When I was first diagnosed with multiple sclerosis, I actually didn’t tell anybody other than my wife and one or two really, really close friends. I didn’t tell any of my other friends. I held onto that up until the time that I made the announcement in 2013. I held onto that information for roughly fifteen years.

The reason that I did that is because I didn’t want anybody to treat me any differently based on the diagnosis. I wanted to know that any love I was getting, any lookouts that I was getting, was purely based on my own merits and not based on somebody feeling sorry for me or feeling bad that I had this disease.

So it was something that I kind of just pushed into the background, and I went on about my business as an artist, as a person. I wanted people to just deal with me on a regular, normal level. And that’s pretty much what happened.
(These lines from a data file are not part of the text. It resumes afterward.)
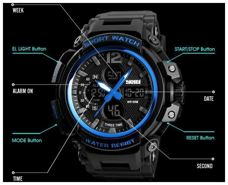 10 цен на Часы Skmei/Скмей 1343 спортивные мужские таймер Черные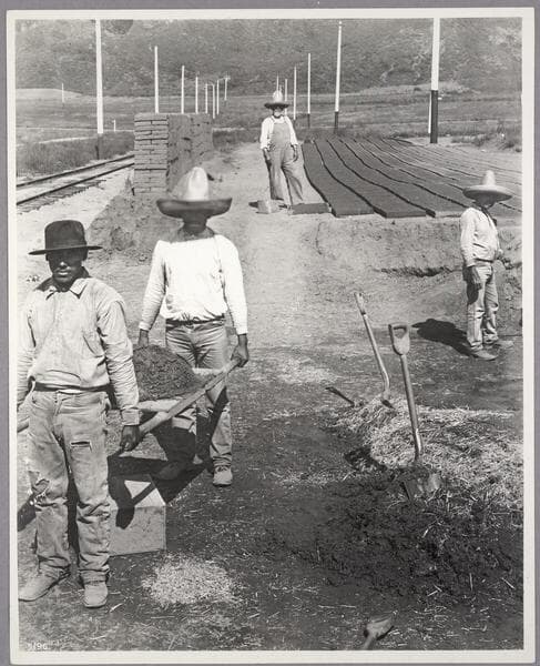 A view of an Chemehuevi woman making the splints for weaving baskets. She has two baskets; one on either side of her and two bunches of reeds ready to weave.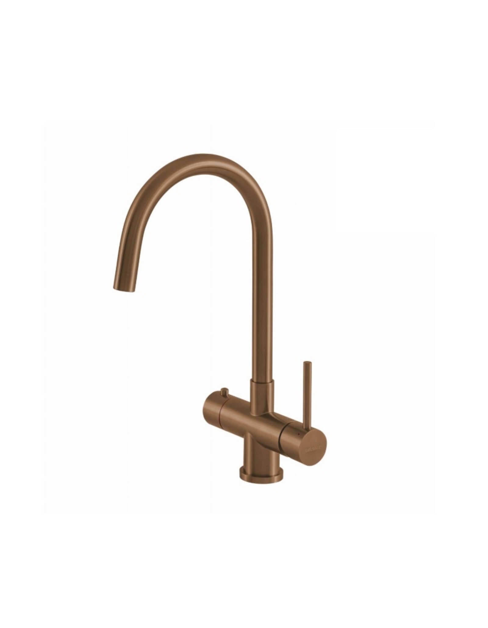 De Selsiuz 351210 Push & Turn 3-in-1 Rond Copper Koper met Combi (Extra) Boiler heeft een veilige druk-draai bediening voor kokend water. Door de knop eerst in te drukken en vervolgens te draaien, stroomt het kokend water uit de kraan. De rechter hendel bedient het koude en warme water. Dankzij deze gescheiden bediening is de kraan veilig en praktisch in dagelijks gebruik.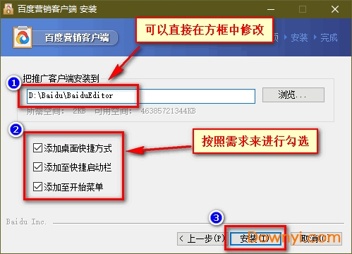 5、按照下图所示来进行设置安装路径,设置完成后点击“安装”: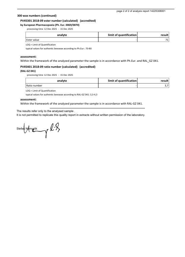 Воскосировина, яка використовується для виробництва вощини, проходить перевірку якості в німецькій сертифікованій лабораторії FOOD QS; протоколи досліджень є у вільному доступі. Активне посилання на результати перевірки конкретної партії воску нанесено у вигляді QR-коду на кожну упаковку.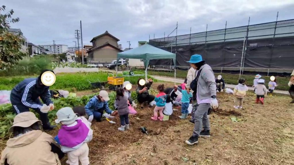 可愛いお子さんたちが土を掘って、大きいお芋が取れると歓声があがっていました。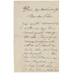 Rare and desirable ALS in French, one page both sides, 5.25 x 8.25, November 30, 1896. Cezanne writes Emile Solari. In full (translated): “I am so ver

After being diagnosed, my wife was very nonchalant about it — and that’s how she is with stuff. What I mean by that is she was very quick to be like, “That ain’t no big deal. That ain’t stopping nothing. Just keep doing what you doing.

I asked her opinion on if I should share it with the world or not — she was like, “When you feel like it’s time, that’s when you do it. If you don’t feel like it’s time right now, then you wait.” She just supported me in those kinds of decisions and just definitely always kept an upbeat attitude about it like it’s not the end of the world.

That’s just how she is, though. You could have something worse than that and she’d be like, “Whatever. We good. We gonna get it through it.

When I did share it with my friends, it was accidental. I was on tour with Stricklin and Marco Polo in Europe, we got pulled over in the Czech Republic. They basically searched the entire car and pulled everything out of every suitcase and they pulled my medicine out.

After everything was over, the question kind of was brought up like, “What was that stuff?” It definitely wasn’t on the terms that I wanted to tell them, but I told Strick, Marco Polo and the tour manager. I asked them to keep it under wraps, and they respected my wishes.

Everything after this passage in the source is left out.